● **What to produce**:
Transcribe the listing below exactly, from its first line through the line with "(หมายเลข20570) หลวงพ่อเงินวัดบางคลาน รูปหล่อพิมพ์นิยม". Omit the pictures.
*** Opening Available data ***
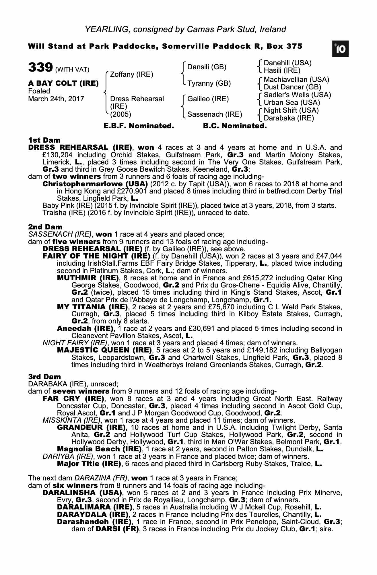 Consignor: Camas Park Stud, Ireland
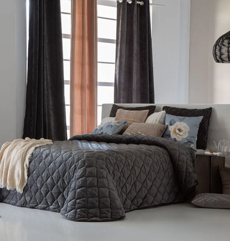 • Couvre-lit velours matelassé Siena anthracite
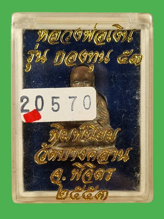 (หมายเลข20570) หลวงพ่อเงินวัดบางคลาน รูปหล่อพิมพ์นิยม รุ่นกองทุน 53 เนื้อสำริดแดง (ผิวไฟดินไทย) ใต้ฐานตอกโค๊ต (ยังมีดินเบ้าเดิมติดอยู่ สวยมาก พร้อมกล่องเดิม) |
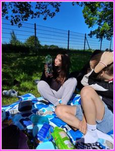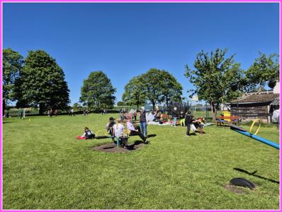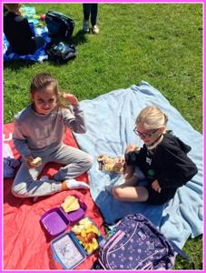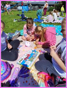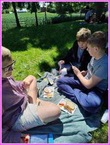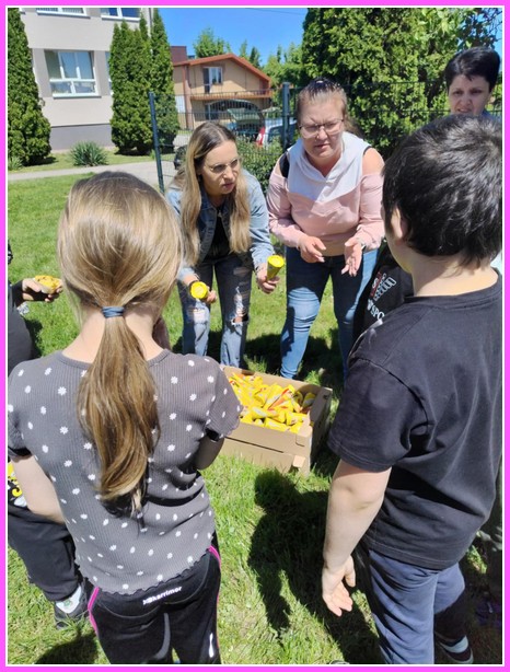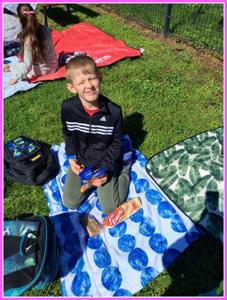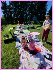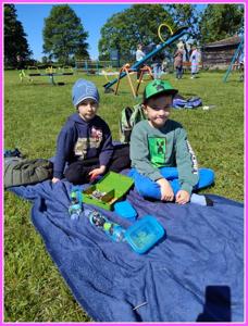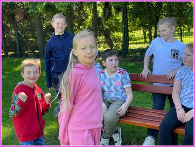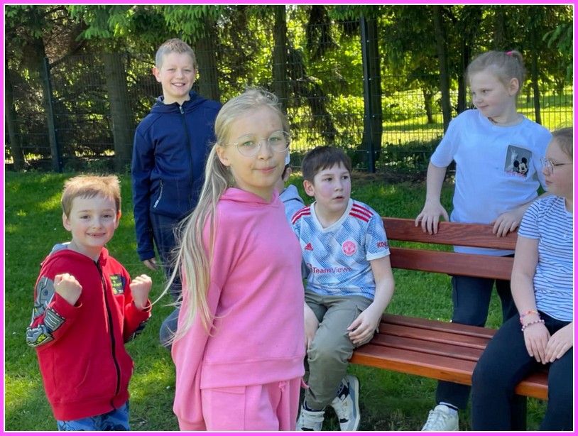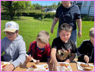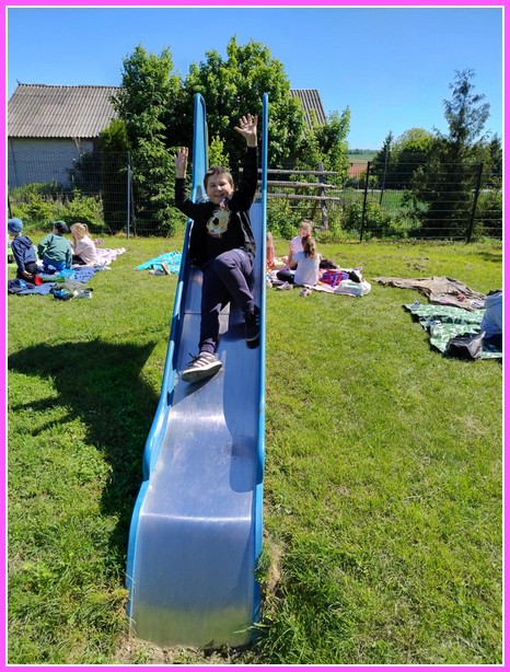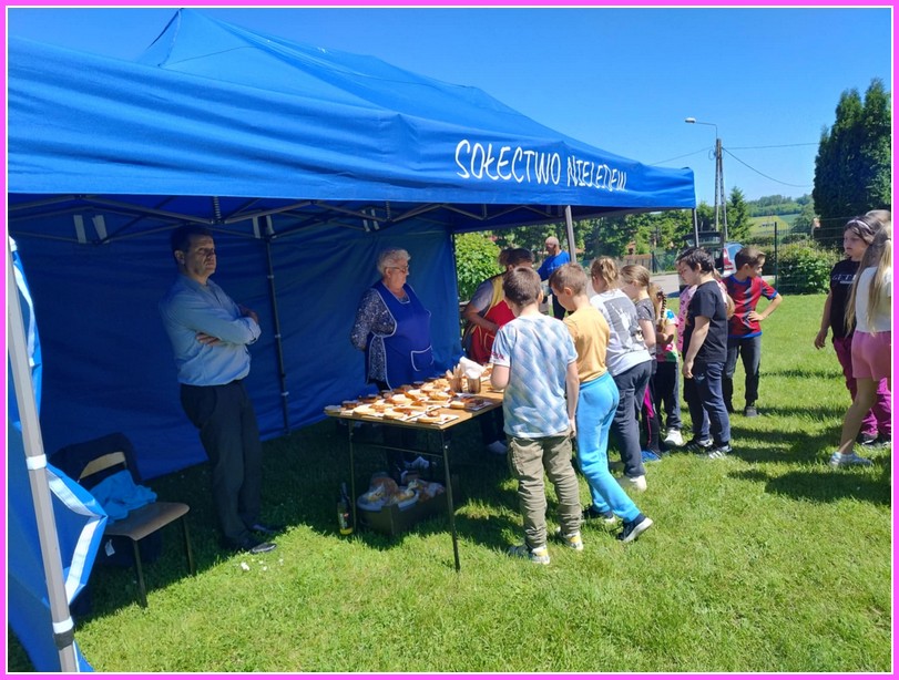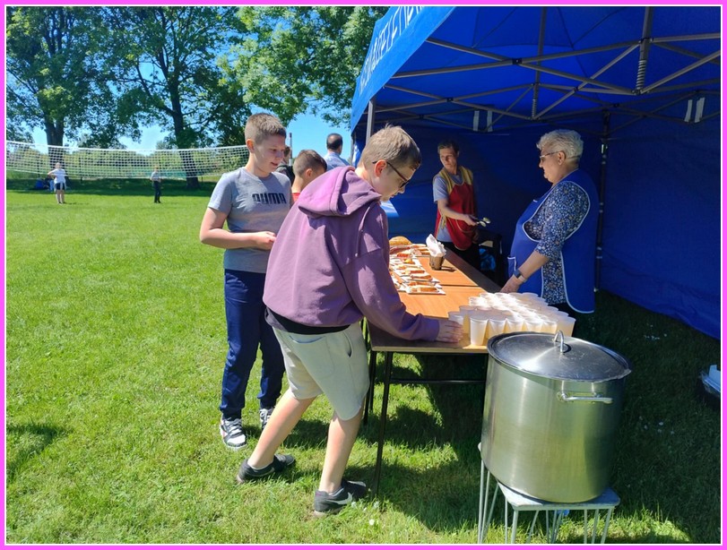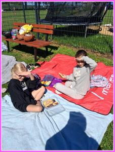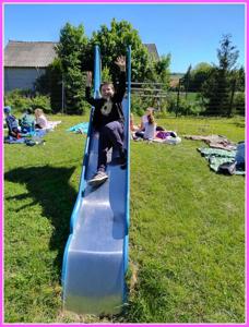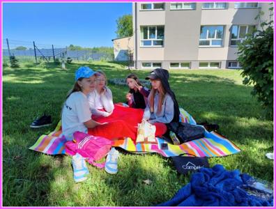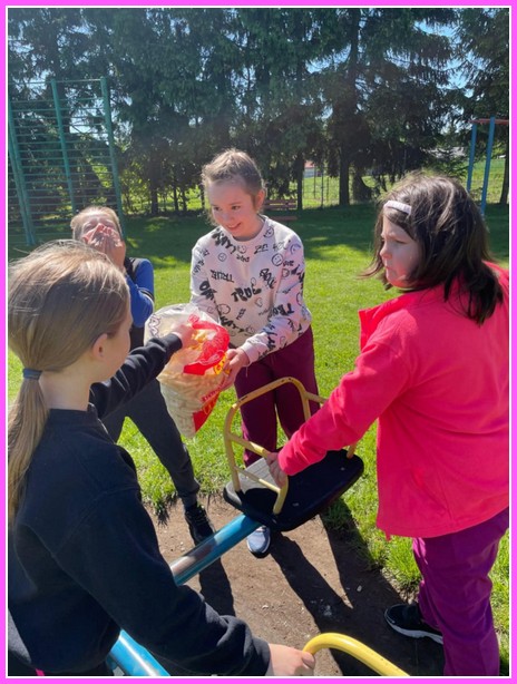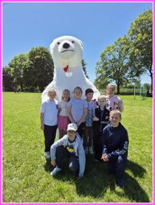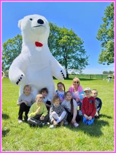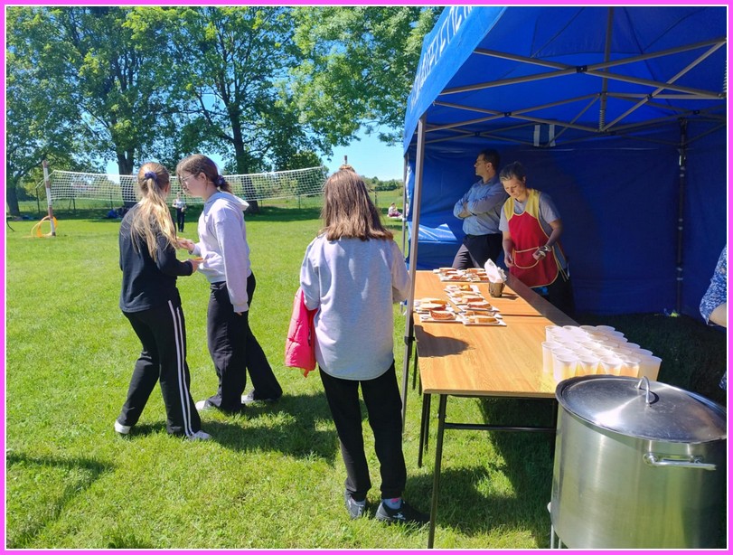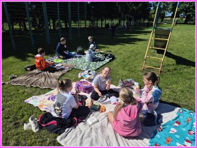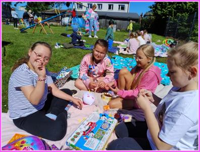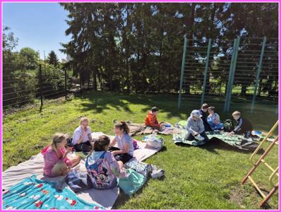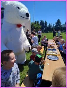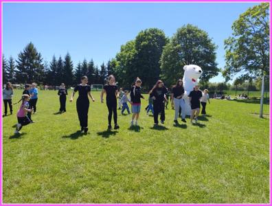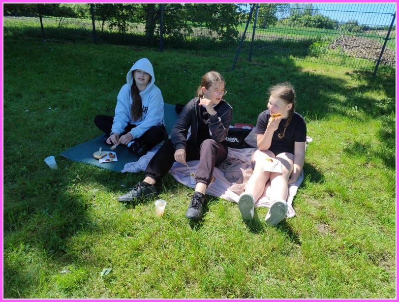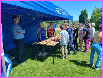 Wszystkie klasy miały również okazję do wspólnego piknikowania, co sprzyjało integracji i budowaniu szkolnej wspólnoty. Zamiast tradycyjnego obiadu, czekała na wszystkich pyszna grillowana kiełbaska, a na deser – niespodzianki przygotowane przez Radę Rodziców: lody i muffinki, które zachwyciły wszystkich obecnych. Szczególną atrakcją był wielki biały miś, który odwiedził naszą szkołę, wywołując ogromną radość, mnóstwo śmiechu i pozytywnych emocji .
*** Closing Available data ***
● **Reply**:
 Consignor: Camas Park Stud, Ireland
 • Couvre-lit velours matelassé Siena anthracite
 (หมายเลข20570) หลวงพ่อเงินวัดบางคลาน รูปหล่อพิมพ์นิยม รุ่นกองทุน 53 เนื้อสำริดแดง (ผิวไฟดินไทย) ใต้ฐานตอกโค๊ต (ยังมีดินเบ้าเดิมติดอยู่ สวยมาก พร้อมกล่องเดิม) |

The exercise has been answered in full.